Look below for the line holding "(一)预算收入138.95万" and the line holding "As variáveis primordiais". Transcribe exactly those lines and all lines between them, nothing more.

→ **Supplied data**
□ □ □ □
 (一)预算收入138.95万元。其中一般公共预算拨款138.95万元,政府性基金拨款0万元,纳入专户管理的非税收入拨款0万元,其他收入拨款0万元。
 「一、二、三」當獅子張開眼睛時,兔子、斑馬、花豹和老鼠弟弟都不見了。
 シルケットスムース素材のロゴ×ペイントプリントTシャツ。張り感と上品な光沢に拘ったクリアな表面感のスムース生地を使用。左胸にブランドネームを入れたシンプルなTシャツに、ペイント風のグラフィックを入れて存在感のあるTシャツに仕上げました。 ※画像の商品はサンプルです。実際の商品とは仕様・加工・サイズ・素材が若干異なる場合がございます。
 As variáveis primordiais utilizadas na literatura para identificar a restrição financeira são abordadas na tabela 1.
□ □ □ □
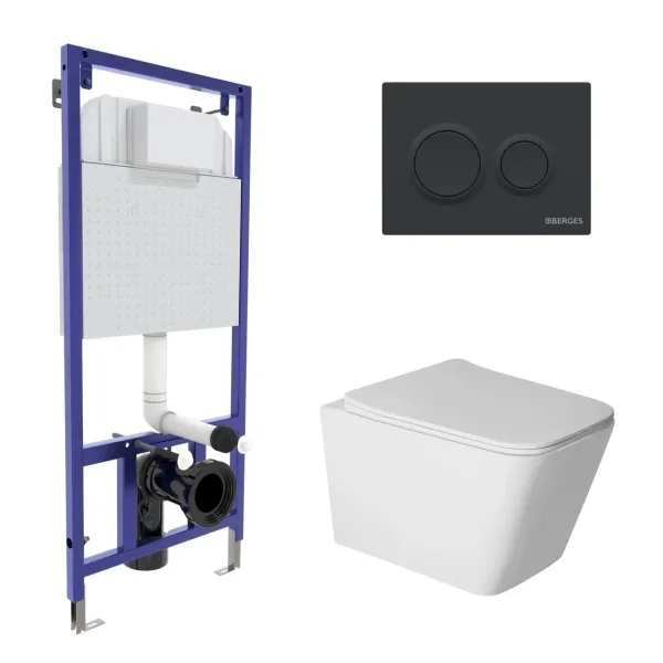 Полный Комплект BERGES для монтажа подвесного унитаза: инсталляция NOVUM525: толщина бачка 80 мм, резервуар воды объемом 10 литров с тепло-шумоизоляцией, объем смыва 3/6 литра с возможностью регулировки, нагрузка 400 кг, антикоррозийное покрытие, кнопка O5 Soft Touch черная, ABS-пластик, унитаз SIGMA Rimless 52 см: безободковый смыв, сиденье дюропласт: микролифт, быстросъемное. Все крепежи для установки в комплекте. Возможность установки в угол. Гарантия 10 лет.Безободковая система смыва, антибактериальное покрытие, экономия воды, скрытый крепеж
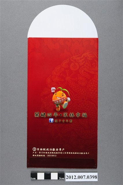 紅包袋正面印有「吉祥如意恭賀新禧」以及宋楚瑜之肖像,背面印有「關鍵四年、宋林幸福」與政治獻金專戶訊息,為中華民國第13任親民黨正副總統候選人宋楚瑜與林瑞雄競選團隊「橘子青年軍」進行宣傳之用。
□ □ □ □
→ **Task answer**
 (一)预算收入138.95万元。其中一般公共预算拨款138.95万元,政府性基金拨款0万元,纳入专户管理的非税收入拨款0万元,其他收入拨款0万元。
 「一、二、三」當獅子張開眼睛時,兔子、斑馬、花豹和老鼠弟弟都不見了。
 シルケットスムース素材のロゴ×ペイントプリントTシャツ。張り感と上品な光沢に拘ったクリアな表面感のスムース生地を使用。左胸にブランドネームを入れたシンプルなTシャツに、ペイント風のグラフィックを入れて存在感のあるTシャツに仕上げました。 ※画像の商品はサンプルです。実際の商品とは仕様・加工・サイズ・素材が若干異なる場合がございます。
 As variáveis primordiais utilizadas na literatura para identificar a restrição financeira são abordadas na tabela 1.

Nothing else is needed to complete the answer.